§ What the task requires: Wherever the listing holds a picture, leave it out, and copy the remainder exactly.

§ Data:
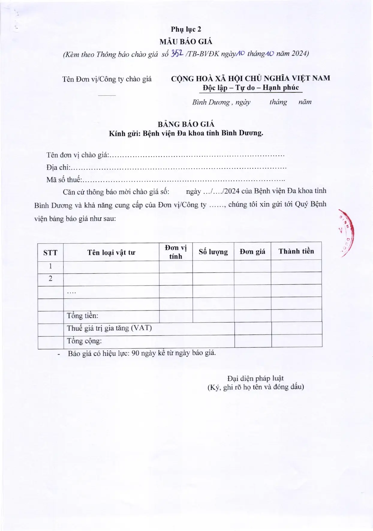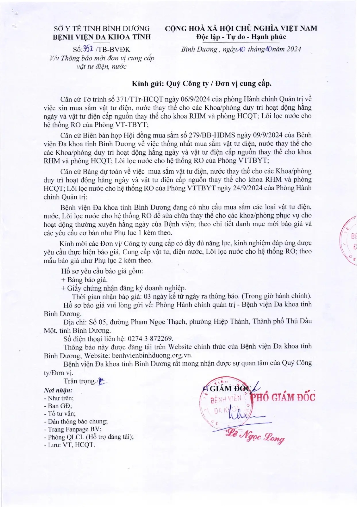 📣📣📣 THÔNG BÁO MỜI CHÀO ĐƠN VỊ (352/TB-BVĐK)
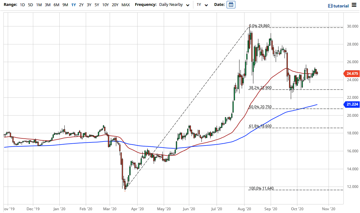 Silver markets have gone back and forth during the trading session on Friday, as we initially tried to rally but gave back the gains early. Later in the day, we have started to recover some of the losses but the most important thing to pay attention to is the fact that we are hanging around the 50 day EMA and simply do not look like we can go anywhere. Looking at the EMA, it is also sideways, so it suggests that we have nowhere to be.
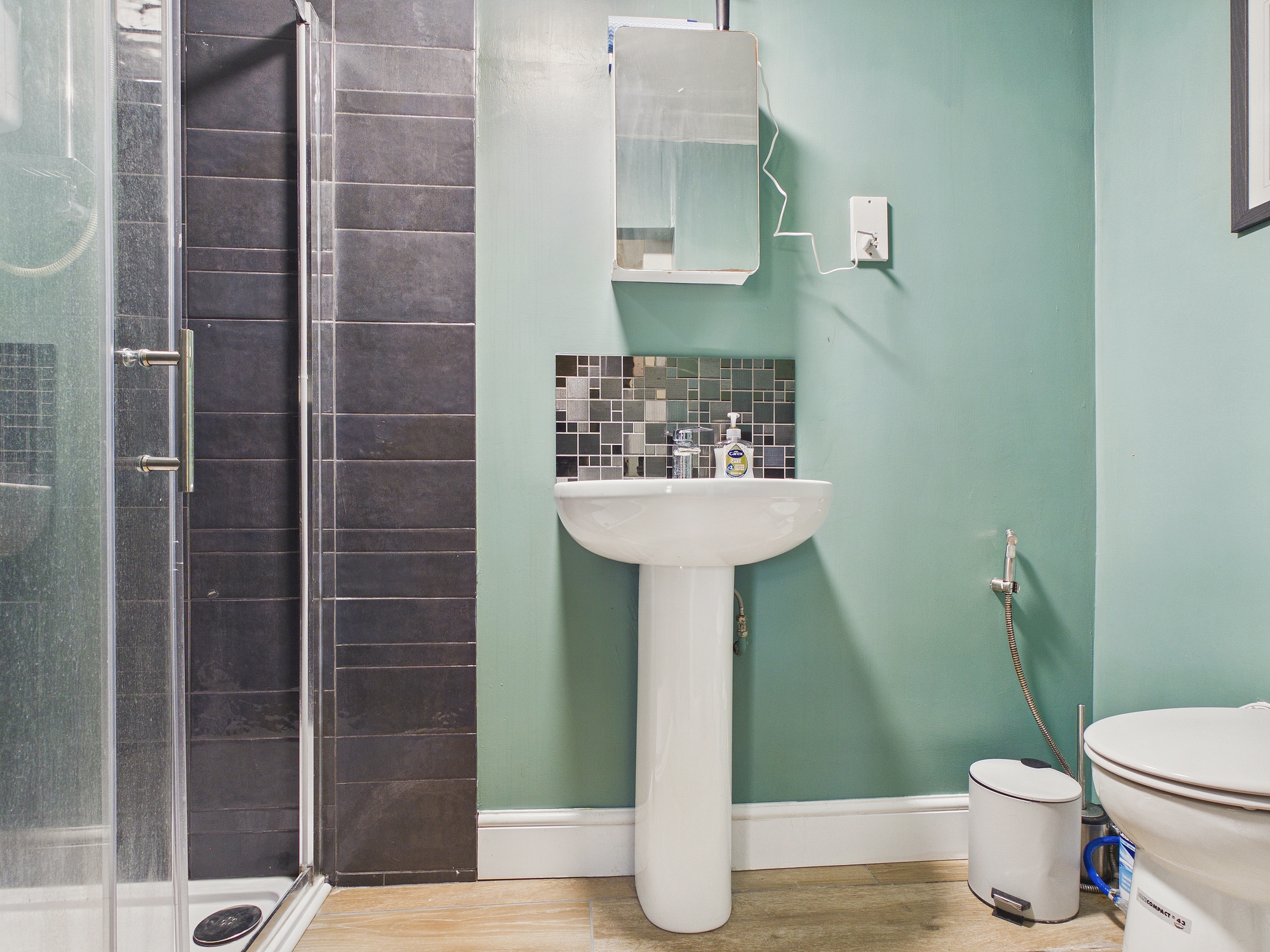 Wall mounted heated towel rail, walk in double shower with sliding door, w.c., pedestal handwash basin, tiled flooring, extractor.

§ Output:
 📣📣📣 THÔNG BÁO MỜI CHÀO ĐƠN VỊ (352/TB-BVĐK)
 Silver markets have gone back and forth during the trading session on Friday, as we initially tried to rally but gave back the gains early. Later in the day, we have started to recover some of the losses but the most important thing to pay attention to is the fact that we are hanging around the 50 day EMA and simply do not look like we can go anywhere. Looking at the EMA, it is also sideways, so it suggests that we have nowhere to be.
 Wall mounted heated towel rail, walk in double shower with sliding door, w.c., pedestal handwash basin, tiled flooring, extractor.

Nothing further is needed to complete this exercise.